Area 3 - Data Management and Quality

Nr: 8
Title:

A Data Quality Model for Machine Learning Driven Remote Health Care Services

Authors:

Mandana Omidbakhsh and Khashayar Khorasani

Abstract: With the rise of IoT devices combined with application of machine learning techniques, healthcare sector can benefit highly from autonomous, trustworthy, reliable and timely services for diagnosis, prognosis and monitoring of patients in remote communities. IoT sensors/medical devices generally generate large data sets, though are required to be validated for training purposes of machine leaning models in distributed edge cloud infrastructures for the application in remote communities. Machine learning driven remote healthcare systems rely heavily on the quality of data; any malfunction or failure in the measurement system can jeopardize the quality of the sensing data and consequently result in poor critical decision-making.

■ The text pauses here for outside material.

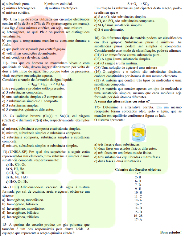 a) substância pura. b) mistura coloidal c) mistura heterogênea. d) mistura Em relação às substâncias participantes desta reação, pode- e) mistura eutética. se afirmar que o a) o são substâncias simples. 10)- Uma liga de solda utilizada em circuitos eletrônicos b) e o SO2 são substâncias compostas. contém 63% de Sn e 37% de Pb (porcentagens em massa). c) SO2 é uma substância simples. Essa liga é uma mistura eutética, ou uma mistura d) S é um a) heterogênea, na qual Pb e Sn podem ser distinguidos 16)- Os diferentes tipos de matéria podem ser classificados b) em que a temperatura constante durante a em dois grupos: Substâncias puras e misturas. As substâncias puras podem ser simples e compostas. c) que pode ser separada por centrifugação. Considerando esse modo de classificação, pode-se d) nas condições do (01) O ar é uma substância pura e) ma condutora de (02) A água é uma substância simples. 11)- Para que os homens se mantenham vivos e com (04) sangue é uma qualidade de vida, devem ingerir diariamente por volta de (08) Uma solução de é uma mistura dois a três litros de água. Isso porque todos os processos (16) O oxigênio e ozônio são substâncias distintas, vitais ocorrem em solução aquosa. embora por átomos de um mesmo elemento Considere a reação de formação da água (32) A matéria que três tipos de moleculas é uma substância composta. Entre reagentes e produtos estão presentes: (64) A matéria que apenas um tipo de é a) 3 compostas. uma substância simples, mesmo que cada molecula seja b) uma substância simples e 2 compostas. formada por dois atomos c) 2 substâncias simples e 1 composta. A soma das alternativas corretas é? d) 3 substâncias simples. 17)- Determine a alternativa Em um mesmo e) 3 elementos químicos recipiente foram colocados gelo e água, que se 12- Os sólidos: bronze (Cu(s) Sn(s)), cal virgem mantêm em equilibrio conforme a figura ao lado. (CaO(s)) e diamante (C(s)) são, respectivamente, exemplos O sistema apresenta: de: a) mistura. substância composta e substância simples. b) mistura, substância simples e substância composta. c) substância composta, substância simples e substância composta. d) mistura, substância simples e substância simples. a) três fases e duas b) duas fases em estados fisicos 13)-(UNISA-SP) Em qual das sequências a seguir estão c) três fases em um único estado representados um elemento, uma substância simples e uma d) três substâncias equilibradas em três fases. substância composta, respectivamente: e) duas fases e duas a) O2. b) N. HI, Gabarito das Questões objetivas c) Cl, HI. C d) Ne. H-O. 2- e) H2O. 6- D D 14- (UFPI) Adicionando-se excesso de água à mistura 9- formada por sal de cozinha, areia e açucar, um 10- B sistema: 11- C a) homogêneo, 12- A b) 13- C c) heterogêneo, 14- D d) heterogêneo, 15- D e) 16-28 17-A 15- A queima do enxofre produz um poluente que também é um dos responsáveis pela chuva A equação que representa a reação quimica citada é: Bons estudos!

However, there is no exhaustive data quality model to ensure the delivery of effective healthcare management, reliable and safe communication and efficient resource management for remote services. In this work, we first review the quality characteristics of big data for machine learning algorithms on edge cloud computing systems that provide remarkable extent of data security and privacy. Then, we propose a data quality model in which both objective and subjective characteristics appropriately associated with the health care services for remote communities are considered. The former includes effectiveness, reliability and autonomy; and the latter refers to ease of use, understandability and discretionary. Eventually, we will evaluate our proposed data quality model for machine learning on edge infrastructures by several case studies.